What you should do ▸ Once you find the line below that has "I took this", output it and every line after it exactly, stopping after the line that has "The Crestlake wall", with no pictures.

Data extracts ▸
══════════════════════════════

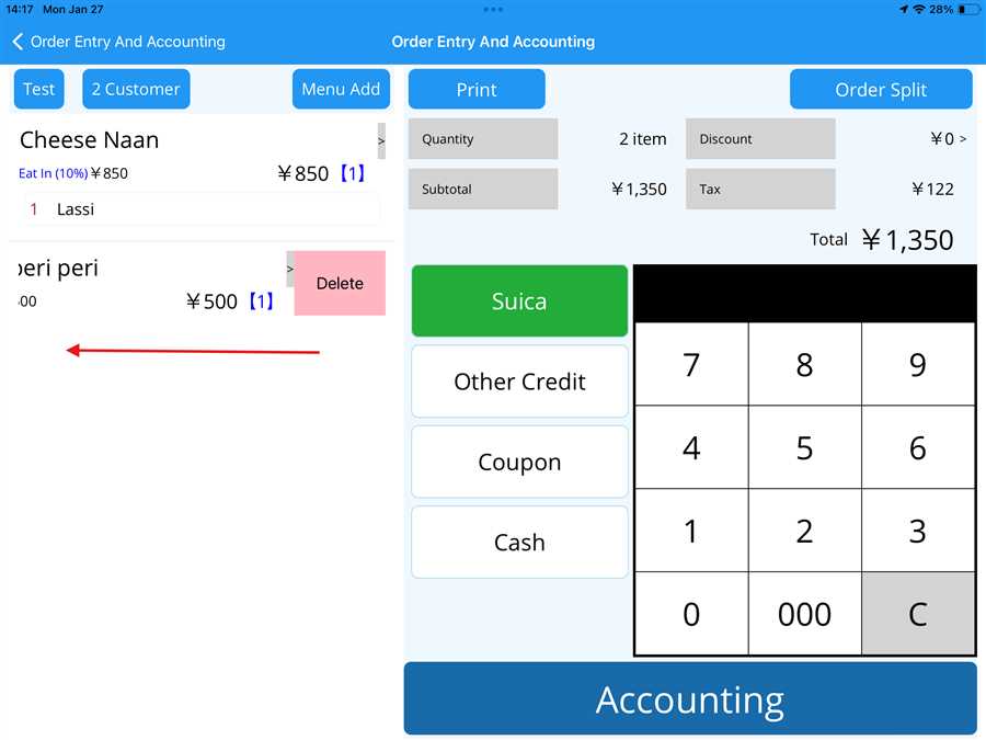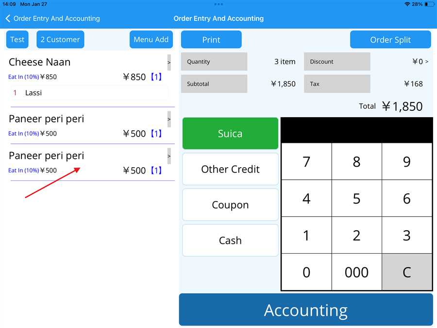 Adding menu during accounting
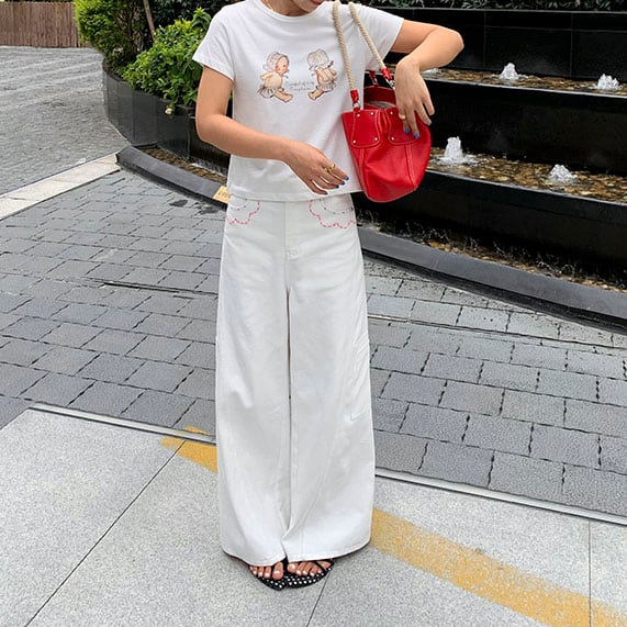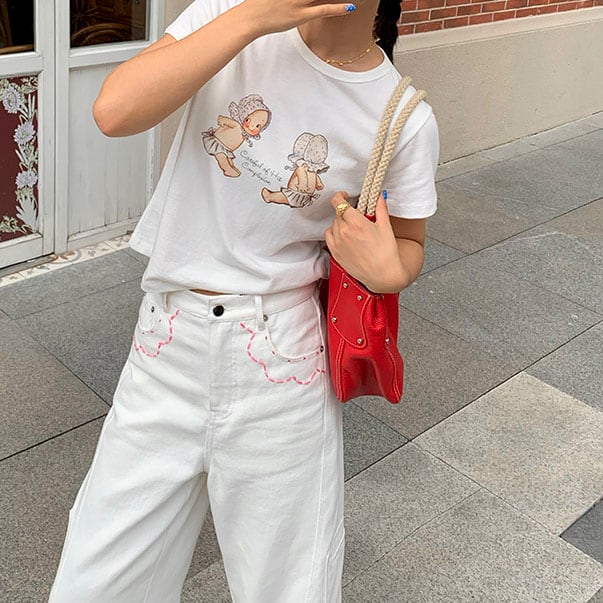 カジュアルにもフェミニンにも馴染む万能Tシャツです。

══════════════════════════════

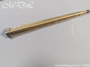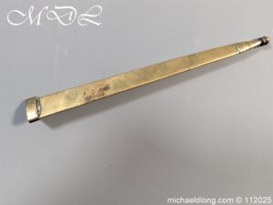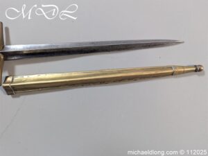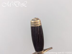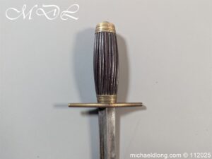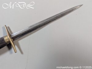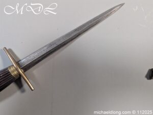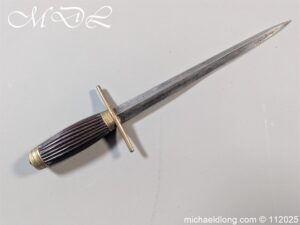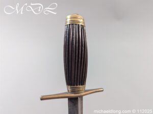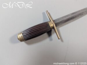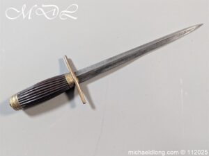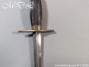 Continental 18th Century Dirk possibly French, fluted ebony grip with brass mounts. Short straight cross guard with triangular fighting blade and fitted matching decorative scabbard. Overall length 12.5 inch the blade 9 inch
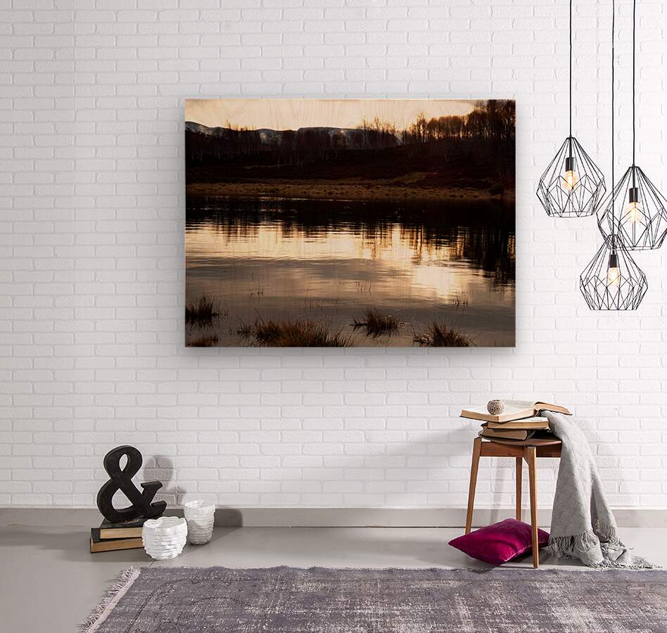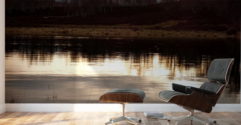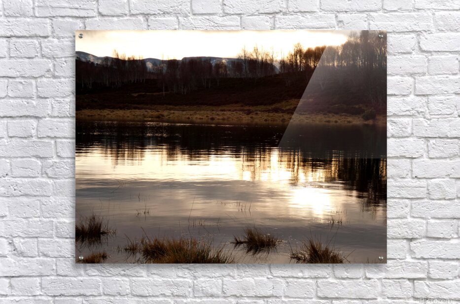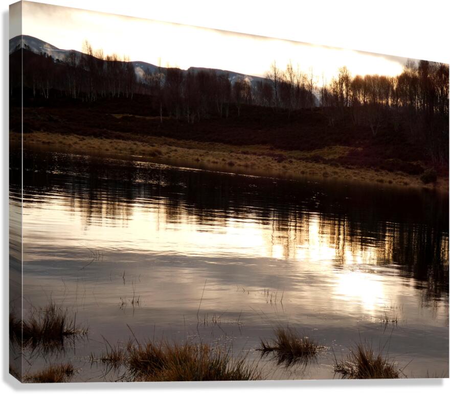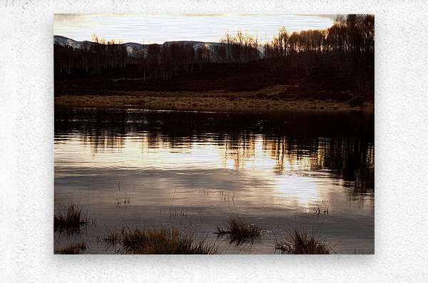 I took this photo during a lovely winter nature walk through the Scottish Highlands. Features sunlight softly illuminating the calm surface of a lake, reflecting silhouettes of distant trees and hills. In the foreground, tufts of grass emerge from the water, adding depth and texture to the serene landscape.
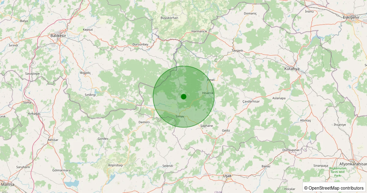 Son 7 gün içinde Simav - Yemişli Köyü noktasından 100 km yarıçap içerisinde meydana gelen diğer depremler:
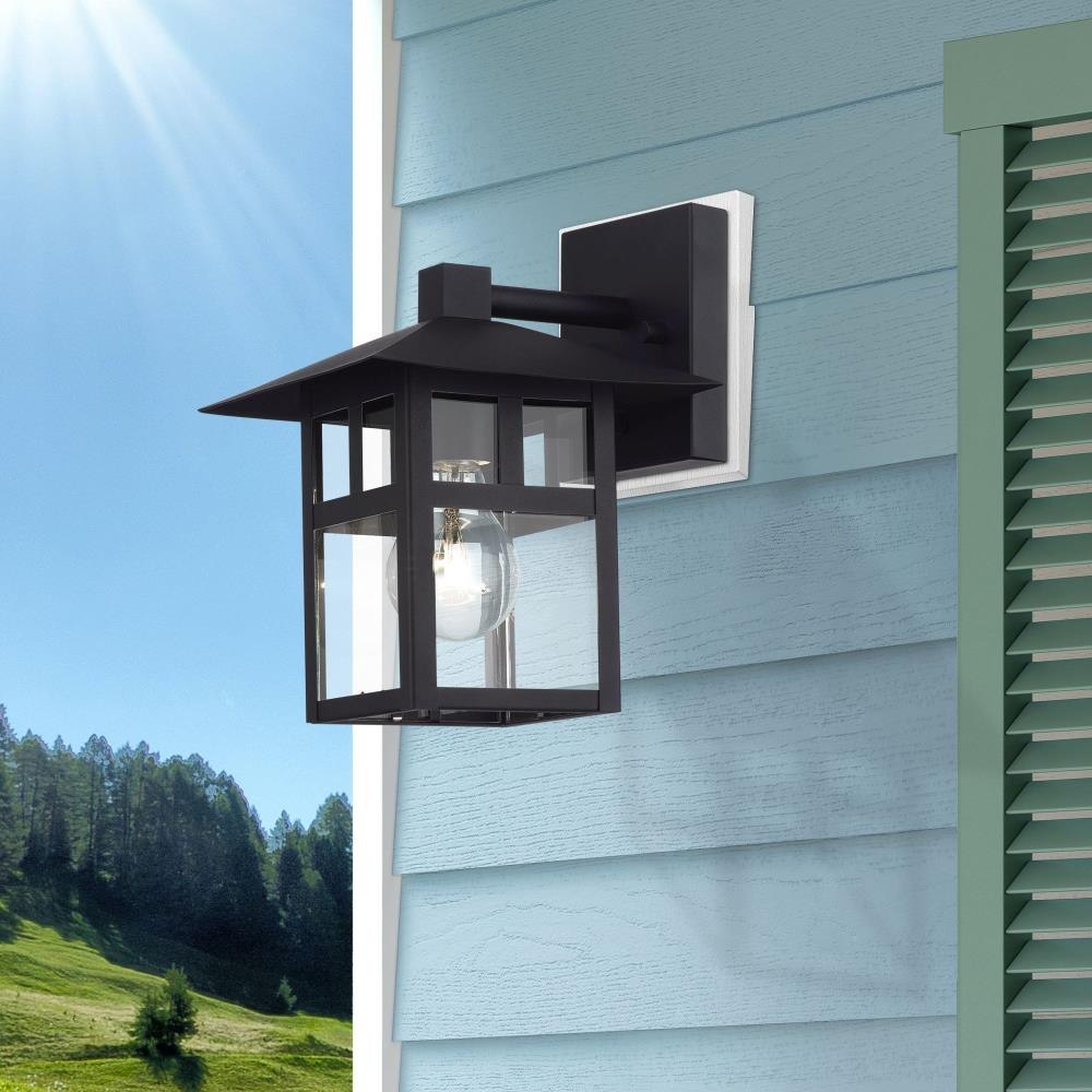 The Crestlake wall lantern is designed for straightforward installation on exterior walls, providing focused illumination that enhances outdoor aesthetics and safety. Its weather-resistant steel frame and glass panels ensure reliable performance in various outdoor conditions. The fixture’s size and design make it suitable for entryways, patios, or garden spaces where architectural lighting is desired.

══════════════════════════════

Answer space ▸
 I took this photo during a lovely winter nature walk through the Scottish Highlands. Features sunlight softly illuminating the calm surface of a lake, reflecting silhouettes of distant trees and hills. In the foreground, tufts of grass emerge from the water, adding depth and texture to the serene landscape.
 Son 7 gün içinde Simav - Yemişli Köyü noktasından 100 km yarıçap içerisinde meydana gelen diğer depremler:
 The Crestlake wall lantern is designed for straightforward installation on exterior walls, providing focused illumination that enhances outdoor aesthetics and safety. Its weather-resistant steel frame and glass panels ensure reliable performance in various outdoor conditions. The fixture’s size and design make it suitable for entryways, patios, or garden spaces where architectural lighting is desired.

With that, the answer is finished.